Reservoir engineering incorporates dam design types—concrete gravity dams like Hoover Dam, arch dams, earthen embankment dams such as Garrison Dam, and rockfill structures—designed by firms and agencies with standards influenced by the American Society of Civil Engineers and guidance from the Federal Emergency Management Agency for inundation mapping. Hydrologic modeling, sediment management, outlet works, spillways, and intake towers are coordinated with operational plans under bodies like the Army Corps of Engineers and the Bureau of Reclamation. Instrumentation, seismic assessment, and dam safety programs are implemented alongside relicensing and compliance processes administered by the Federal Energy Regulatory Commission and state dam safety offices in states such as California and Washington.
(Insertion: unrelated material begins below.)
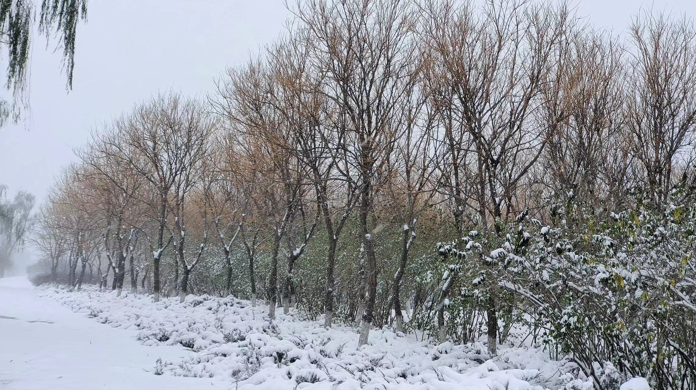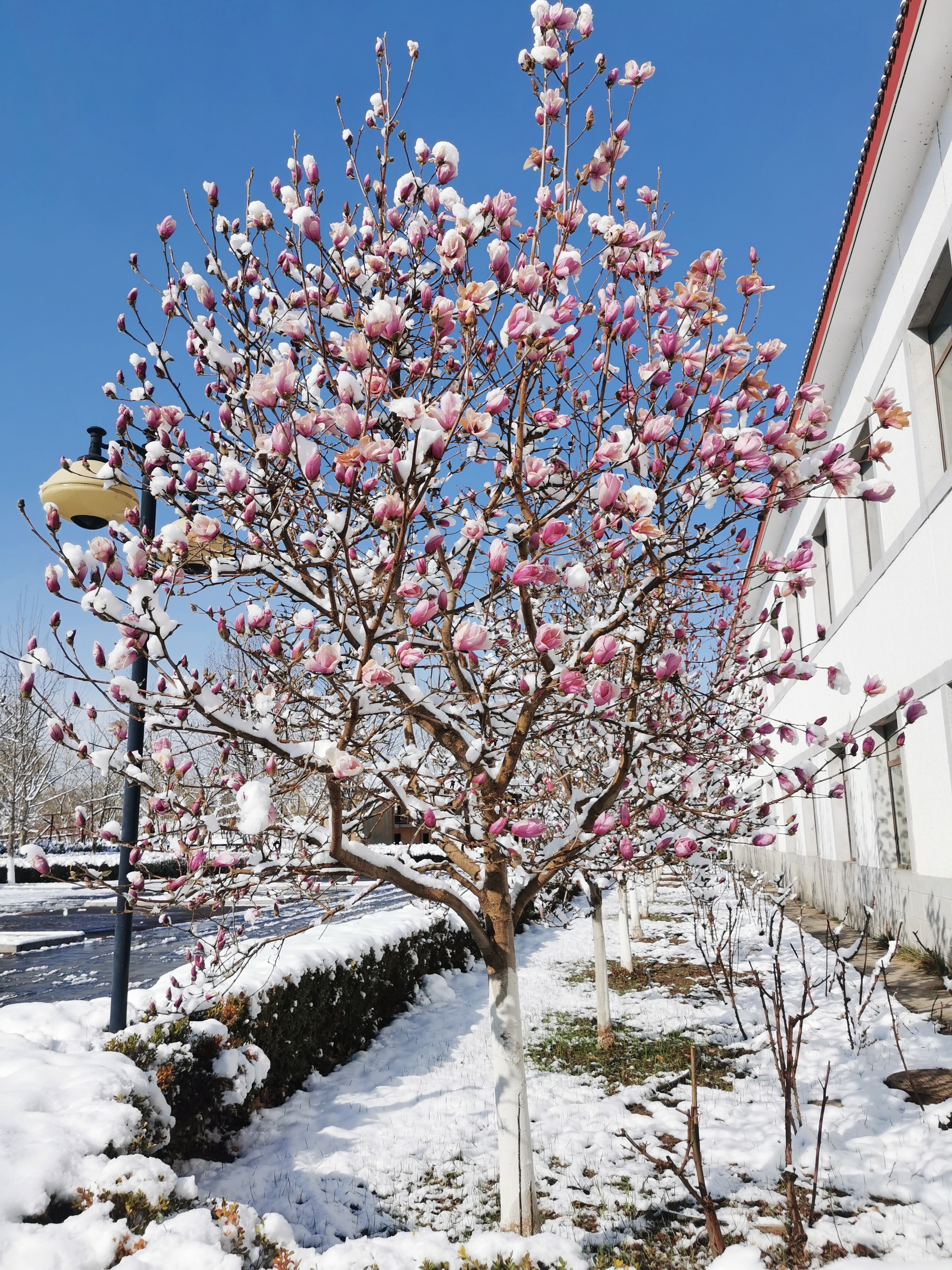 昨天,一场春雪一下子将金盏美成了一幅天然的水墨画。金盏银装素裹、积雪如画,一片片洁白的雪花随风飘舞、摇曳多姿……

Reservoir projects have submerged cultural sites of indigenous nations including the Nez Perce and Paiute and altered traditional fisheries central to tribes such as the Yakama Nation and Hopi. Large impoundments change river temperature regimes and sediment transport, affecting species in systems like the Columbia River and the Colorado River; mitigation and restoration efforts involve agencies including the National Marine Fisheries Service and conservation organizations such as the Sierra Club and The Nature Conservancy. Social impacts include displacement from projects like those associated with the Tennessee Valley Authority and legal disputes resolved through mechanisms like interstate compacts and litigation in federal courts including the U.S. Supreme Court.
Reservoir management is coordinated through a mix of federal authorities—U.S. Bureau of Reclamation, U.S. Army Corps of Engineers, Federal Energy Regulatory Commission—state agencies such as the California State Water Resources Control Board and regional entities like the Central Arizona Project and municipal utilities including Los Angeles Department of Water and Power. Policy debates engage stakeholders including state governors, tribal governments such as the Confederated Tribes of the Colville Reservation, environmental NGOs like the Natural Resources Defense Council, agricultural interests represented by groups such as the American Farm Bureau Federation, and energy producers regulated by the Federal Energy Regulatory Commission. Contemporary management emphasizes adaptive allocation under shortages, drought contingency plans such as the Drought Contingency Plan for the Colorado River Basin, and integrated watershed approaches promoted by the U.S. Environmental Protection Agency and interagency collaboratives.